Axios Pro Exclusive Content

Echoes of the past for cleantech investors

Jun 9, 2022

Illustration: Aïda Amer/Axios

For veteran investors, volatile market conditions and rising inflation are bringing up memories of Cleantech 1.0's bust era during the aughts.

Why it matters: Fund managers agree that time is of the essence in the battle against the climate crisis. But many are skittish of investing during turbulent times, with lessons still raw from the last industry-wide bust 20 years ago.

Flashback: Clean energy's infamous bust in the early 2000s likely stymied private investment in the industry — and kneecapped its growth — for decades.

  • "It was really more of an opportunistic industry that was served mostly by governmental stimulus and intervention. It was artificially inflated," former Gartner analyst John Wheeler tells Axios.

What's happening: The energy and climate industries are coming off one of their best private funding years in decades, with roughly $40 billion pulled in by private companies in 2021.

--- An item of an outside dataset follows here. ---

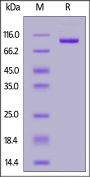 This protein carries a polyhistidine tag at the N-terminus. The protein has a calculated MW of 91.5 kDa. The protein migrates as 80-100 kDa under reducing (R) condition (SDS-PAGE) due to glycosylation.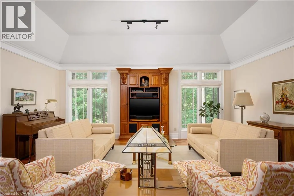 Welcome to 276 Carrington Place, truly your city home surrounded by nature. This prestigious Beechwood bungalow is perfectly located on a quiet court backing onto greenspace and trails. The home features 3 bedrooms and 5 bathrooms, set on a large, .90 acre private lot. Step into the grand foyer that opens into the spacious living room with soaring ceilings and

  • Some investors have told Axios in recent months that they feared many companies in the current cohort have — to Wheeler's point — artificially inflated valuations.
  • "It's all been driven by this undercurrent of huge investment by funds or PE firms who are looking to invest in companies that are very climate-friendly as part of these ESG commitments," Wheeler says.

The intrigue: Wheeler, who also worked through the 2008 housing crash, likened some of the ESG credit ratings to ratings agencies' role in mortgage financing leading up to the 2008 crash.

The bottom line: "There is a tsunami that's coming. With a tsunami, the water rushes out and everyone is left exposed," Wheeler says.

💭 Our thought bubble: It's time for startups to hunker down with the funding they have in place, cut costs to reduce burn, and prepare for a lean few years ahead.